From the first line to the last, please reproduce the material exactly, skipping the pictures.

+++ Data shown +++

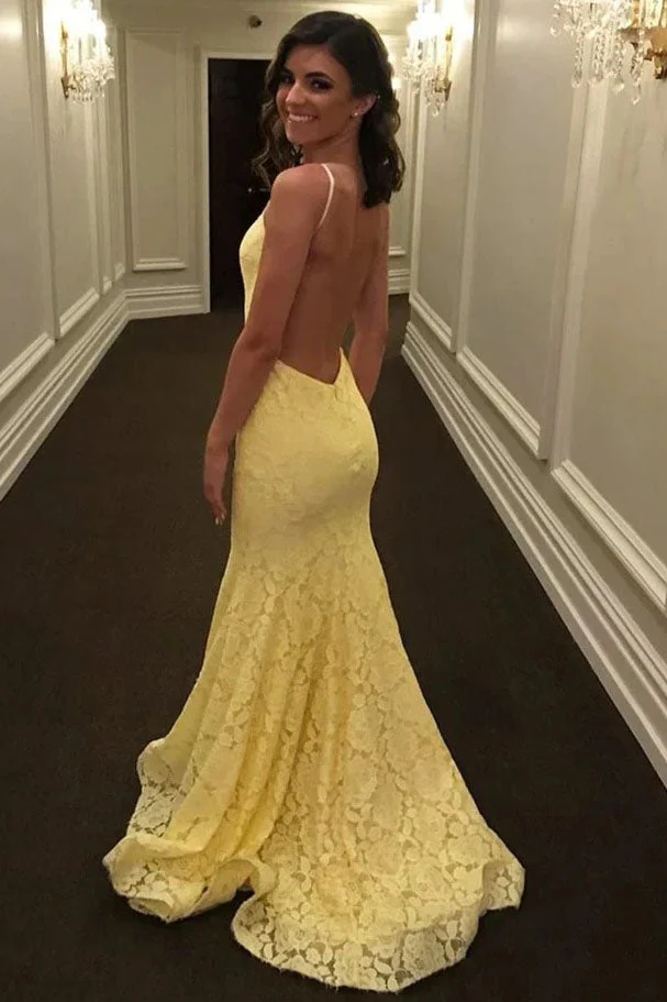 Stunning Mermaid Spaghetti Straps Lace Yellow Long Prom Dress Evening Dress OKT20
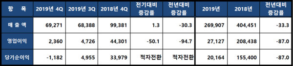 2019년 4분기 매출은 연결기준으로 6조9,271억원을 기록해 전년동기대비 30.3% 감소했고, 영업이익은 2,360억원을 기록해 전년동기대비 94.7% 감소했다. 당기순이익은 1,182억원의 적자를 기록했다.
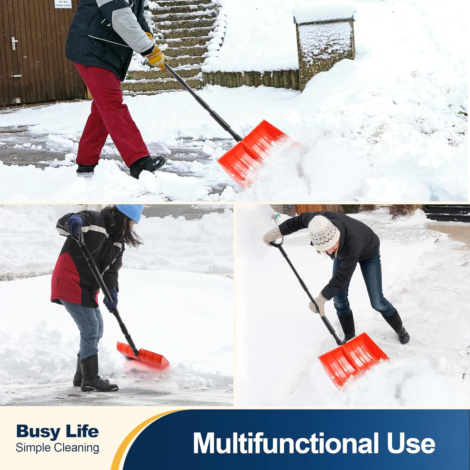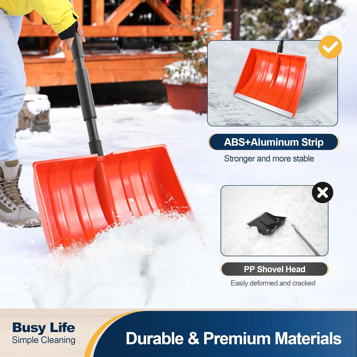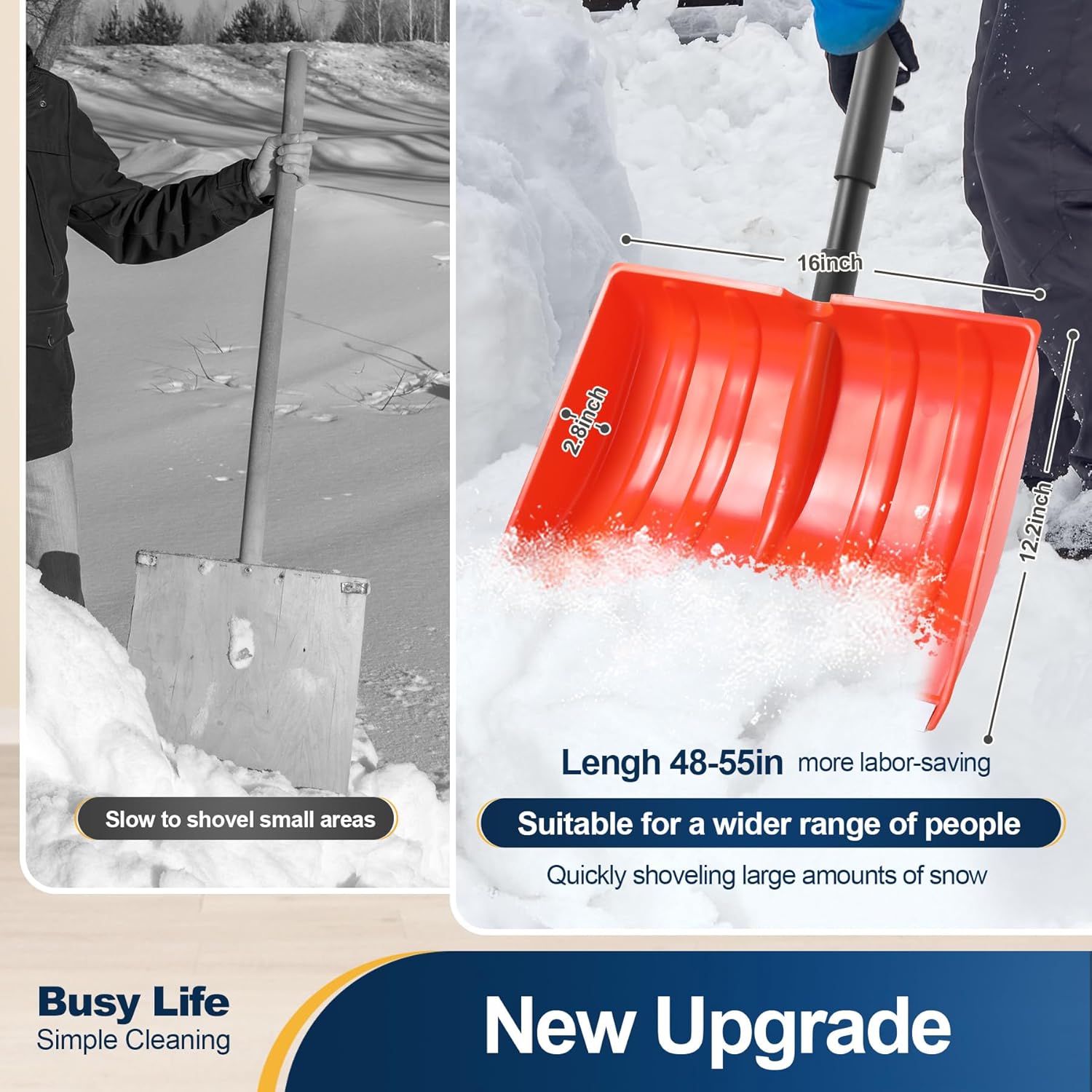 • CONQUER WINTER IN COMFORT: Say goodbye to backaches and muscle strain! Our ergonomically designed snow shovel features a dual D-grip handle that promotes a natural lifting posture. The 55-inch length is perfectly adjustable from 48 to 55 inches, so you can find your ideal height and clear snow without painful bending or straining.

+++

* [Solution for this exercise]:
 Stunning Mermaid Spaghetti Straps Lace Yellow Long Prom Dress Evening Dress OKT20
 2019년 4분기 매출은 연결기준으로 6조9,271억원을 기록해 전년동기대비 30.3% 감소했고, 영업이익은 2,360억원을 기록해 전년동기대비 94.7% 감소했다. 당기순이익은 1,182억원의 적자를 기록했다.
 • CONQUER WINTER IN COMFORT: Say goodbye to backaches and muscle strain! Our ergonomically designed snow shovel features a dual D-grip handle that promotes a natural lifting posture. The 55-inch length is perfectly adjustable from 48 to 55 inches, so you can find your ideal height and clear snow without painful bending or straining.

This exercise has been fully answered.